It’s also damn pretty to look at, that stripped down UI which melts into the background means I can concentrate on my SharePoint site or on my web site.
OneBox is like a command line for the web. I’ve actually found the OneBox to be a huge improvement as an IT Pro with our penchant for command lines because it brings everything together and I can type faster than I can point to things with a mouse! I want to go to a Favorite called “Dashboard” and I just type D-A-S-H-Shift+Enter in OneBox and it’s done. Visual search is a stellar feature which builds on the instant searching already built into OneBox and all those existing search providers work with OneBox too. A point to note on security here.
A point to note on security here, any kind of instant searching of the web includes a two way dialogue with the search provider. Be that in the web page itself or in a search box in a brower. We’ve taken a stand for user rights with IE9 and we make it so that that functionality has to be initially enabled and you can disable it at any time. Not all browsers do this, it’s important.
The back and forward buttons, the mainstay of navigation in a browser hold some magic sauce too. When you pin a tab – oh yeah you can drag tabs to your task bar to pin them! – it turns the website into an application and the back and forward buttons follow the websites colour scheme. It’s a small thing but it makes an amazing difference changing from the browser centric approach of other browsers to this web-centric one.
The web just works
It’s kind of obvious for a web browser but the key thing is that it’s about the web. Immediately in IE9 you see that the browser melts into the background but it does that in more than just a visual way. IE9 is very standards compliant and interoperable really taking advantage of HTML5 standards and making them fly, our most standards compliant browser yet.
Ok lets stop.
Usually when we (Microsoft) say that people think we mean we took a spec and built on it to make it better, not in this case, we took the HTML5 spec (an area we’re leading the W3C with) and made it the best it could be by extending into the power of the PC using the he 90% of the PC that most browsers don’t. You’ll have seen the fish.
But what if you don’t have a mega whizzy PC? Well your devs still get the opportunity to code in a ubiquitous, reusable way.
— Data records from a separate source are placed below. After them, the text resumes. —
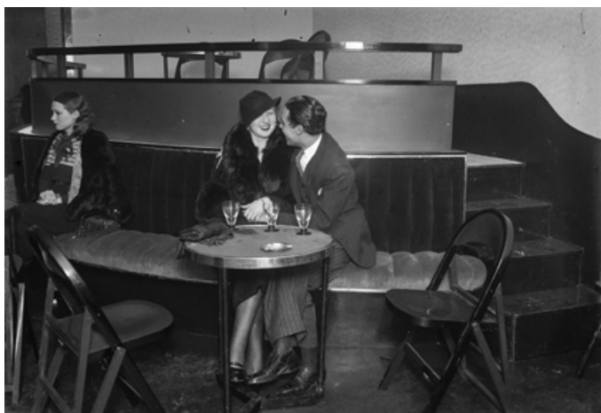
Una pareja en un bar de Barcelona, 1931-1936.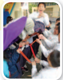
大家用繩索成功將其中一位同學拋起，感到十分雀躍。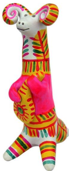
Филимоновская русская народная игрушка «Баран»

В целом филимоновская игрушка отличается от других вытянутой формой и удлинёнными пропорциями. Это продиктовано особенностями местности, так как в Тульской области богатые залежи жирной глины, она хорошо подходит для придания формы, однако при сушке значительно оседает и трескается. Мастера неоднократно выправляют фигуру, вытягивают ее, чтобы тем самым скрыть неровные контуры и трещины.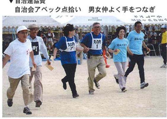
▼自治連協賛 自治会アベック点拾い 男女仲よく手をつなぎ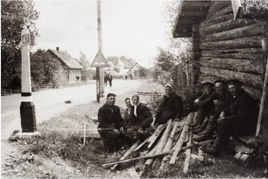
Joonis 3. Vaade Mõiza külale. Esiplaanil kohaliku kolhoosi töötajad. Foto: Paulopriit Voolaine, 1960-ndad. (ERM Fk 1508: 1)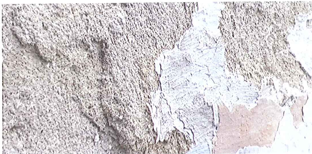
Fot.6. Kapliczka w Biczycach Górnych- fragment ; widoczne resztki pobiał i zmurzały tynk. Luty 2020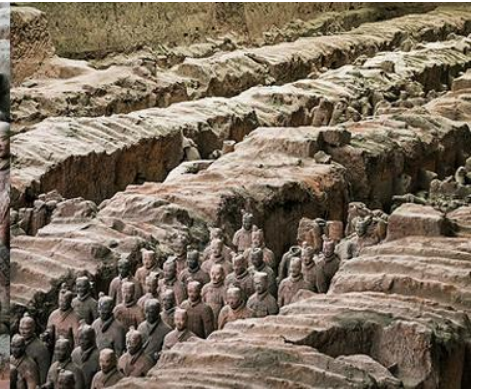
สุสานกองทัพทหารม้าจีนซี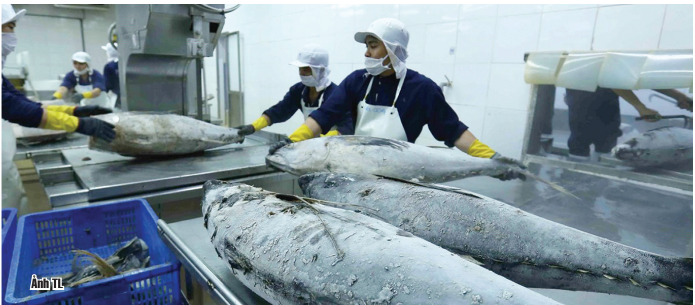
(Nguồn: Báo Công Thương) - VEXA - ITPC

Hiện có tất cả 18 công ty của Việt Nam tham gia xuất khẩu cá ngừ sang thị trường Đức. Trong đó, 3 công ty XK lớn nhất, gồm: Bidifisco, FoodTech và KTCFood với tỷ trọng lần lượt là 34%, 22% và 19%.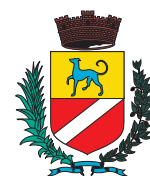
Ville de CAGNES-SUR-MER

© 2012 - Conception : ACS MTE Tous droits réservés.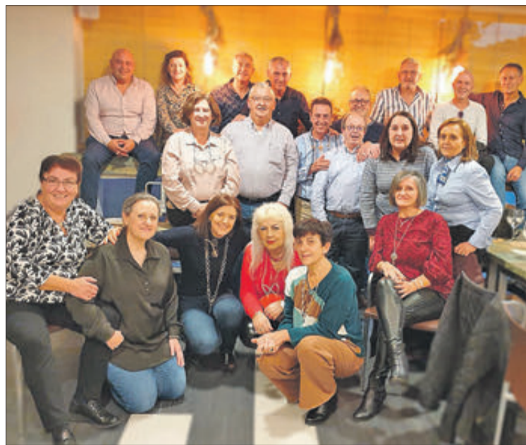
El grup de nascuts en 1961.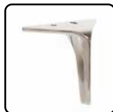
3L8K4 zwart metaal chromkleur (optie, meerprijs)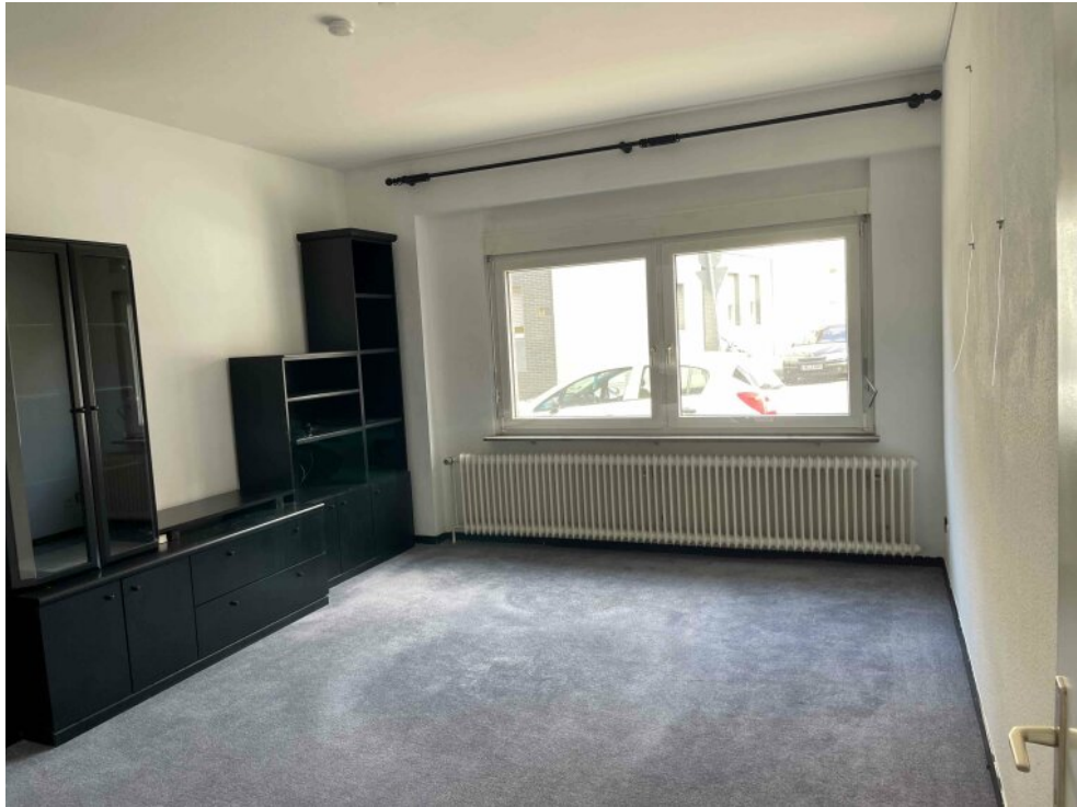
EG rechts Wohnzimmer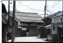
七曲りのまちなみと仏壇職人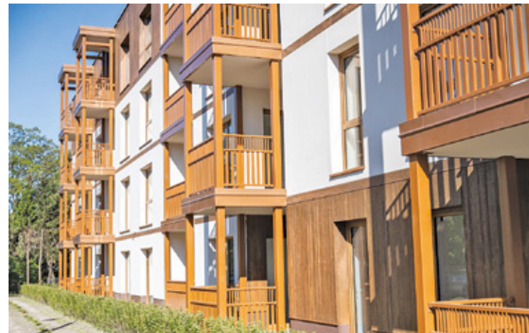
W budynku wielorodzinnym jest 66 mieszkań o powierzchni 35–74 m 2

Połączenie nowoczesności z tradycją, bliskość małej tętni solankowej oraz atrakcyjny czynsz 22,84 zł/m 2 (ok. 1,1 tys. zł za 50 m 2 ) wzbudziły ogromne zainteresowanie. W budynku mieści się 66 mieszkań o powierzchni 35–74 m 2 , przeznaczonych dla osób o najniższych dochodach, czyli tych, które nie mogą pozwolić sobie na zakup własnego mieszkania, a jednocześnie nie kwalifikują się do lokali komunalnych. Do dyspozycji mieszkańców jest 67 miejsc w podziemnym garażu oraz dwa miejsca na zewnątrz dla osób z niepełnospraw-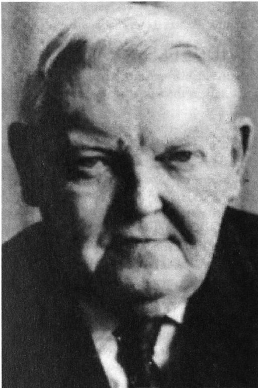
Ludwig Erhard (1897–1977).

Umstand, dass zum Beispiel im Bonner Wirtschaftsministerium die Bilder John Maynard Keynes und Walter Euckens nebeneinander gezeigt werden, wirkt so wenig überzeugend wie die Ahnenreihe der Wirtschaftsminister von Victor Agartz bis zu Ludwig Erhard . Was ich damit sagen möchte ist, dass man nicht Ungleichnamiges – auch nicht als blosser Schau – miteinander verbinden kann.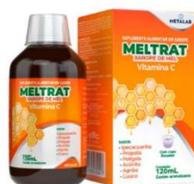
11025-Meltrat xpe 120mL Referência: Melagrião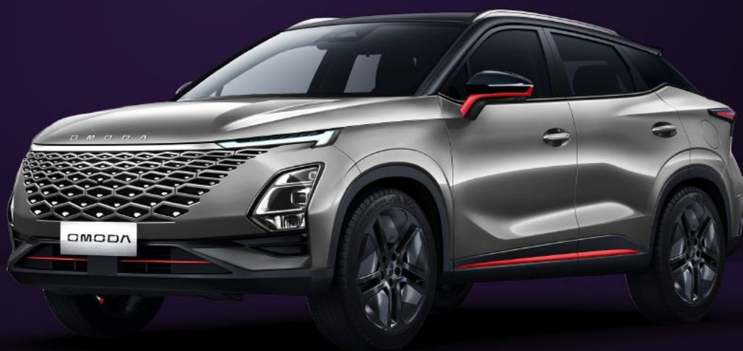
UHLÍKOVĚ ČERNÁ A KOVOVĚ STŘÍBRNÁ RED TRIM (X41)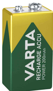
Pile "RECHARGE ACCU Power"

- convient à toutes les applications standard quotidiennes comme les talkies-walkies, les appareils de test, les détecteurs de fumée, les microphones, etc.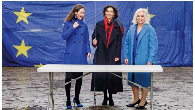
وزيرة الخارجية البلجيكية (في الوسط) تحضر حفل رفع العلم تحت قوس سينكو إنترنت للاحتفال بالذكرى السنوية الخامسة والسبعين لتأسيس التحالف العسكري لحلف شمال الأطلسي (الناتو).

برلين. د.ب.أ: دعا وزراء خارجية ألمانيا وفرنسا وبولندا بشدة إلى تعزيز القدرات العسكرية في أوروبا. وكتبت وزيرة الخارجية الألمانية أنالينا بيربوك ونظيرها الفرنسي ستيفان سيجورني وبولندي رادوسلاف سيكورسكي في مقال على موقع «بوليتيكو» الإخباري «علينا أن نستخدم كامل الإمكانيات الصناعية لقرتنا لتحسين قدراتنا العسكرية»، موضحين أن عملية التسليح الأداة هذه تحتاج إلى إبرام عقود ملزمة طويلة الأجل وجدول زمني واضحة، ومستوى معين من الطموحات، والتزامات مالية ثابتة، وضمانات شراء من الحكومات الأوروبية، مشيرين إلى أن إنفاق ٢٪ من الناتج المحلي الإجمالي على الدفاع يمكن أن يكون «مجرد نقطة بداية». وبمناسبة الذكرى السنوية الخامسة والسبعين لتأسيس حلف شمال الأطلسي العسكري (الناتو) اليوم الخميس، كتب وزراء الخارجية الثلاثة: «لقد تحملت الولايات المتحدة لفترة طويلة العبء أكثر من بقية تحالفنا. لكن الدفاع الجماعي هو جهدنا المشترك»، مشيرين إلى أنه لا بد من هذا المنطلق من تعزيز الدفاع الأوروبي وبالتالي المساهمة في الأمن عبر الأطلسي».

Code once, run everywhere.
We’ve built on the solid safety foundation that came to fruition with IE8 and in IE9 it seems to get even more “comfortable” which I guess is what you get from 2nd generation security. From the viewpoint of the IT Pro though this level of security is Phenomenal. IE9 Includes technology to block the single biggest hole in your corporate armour – your users downloading dodgy stuff. I might not be talking this up enough.
IE9 users reputation management and SmartScreen technology to instantly, seamlessly respond to new threats. That means that you don’t have to wait whilst some AV lab dudes cook up antigen. That reduces the response time and that reduces your attack surface lots!
Management is something that gets us IT Pros a bit gusshy, we love to manage stuff and know what’s going on. IE9 includes some amazingly powerful tools out of the box. NO other browser has this level of managent. I don’t see any other browser that lets you deploy this easily either.
Take this scenario:
Your intranet site is crawling along, your users are complaining, you’ve got a headache, the phone won’t stop…you need to work out what’s going on.
IE9 includes “Developer” tools which are perfect for you to use (just hit F12). The tools now include Network tracing, so you can look at your intranet site (or any site) and see what’s causing the performance bottleneck. Ahh yes it’s that massive JPG that Bob the MD just uploaded to the company home page to announce his new pet Chihuahua!
The developer tools give you all manner of tools to fully understand what’s going on and to troubleshoot issues your users are having with the sites their visiting.
You also get everything you know and trust for managing IE9 – or at least you will do when we reach full release – so you’ll get over 1500 Group policy settings to control all aspects of the users experience (including New in IE9 control over Add-ons!), you’ll get the IEAK to help streamline and manage your Internet Explorer deployment. WSUS can manage IE9, Windows Intune will be able to and SCCM will have your back too. Slipstream installation means you can install IE9 into your existing deployment packages with real ease.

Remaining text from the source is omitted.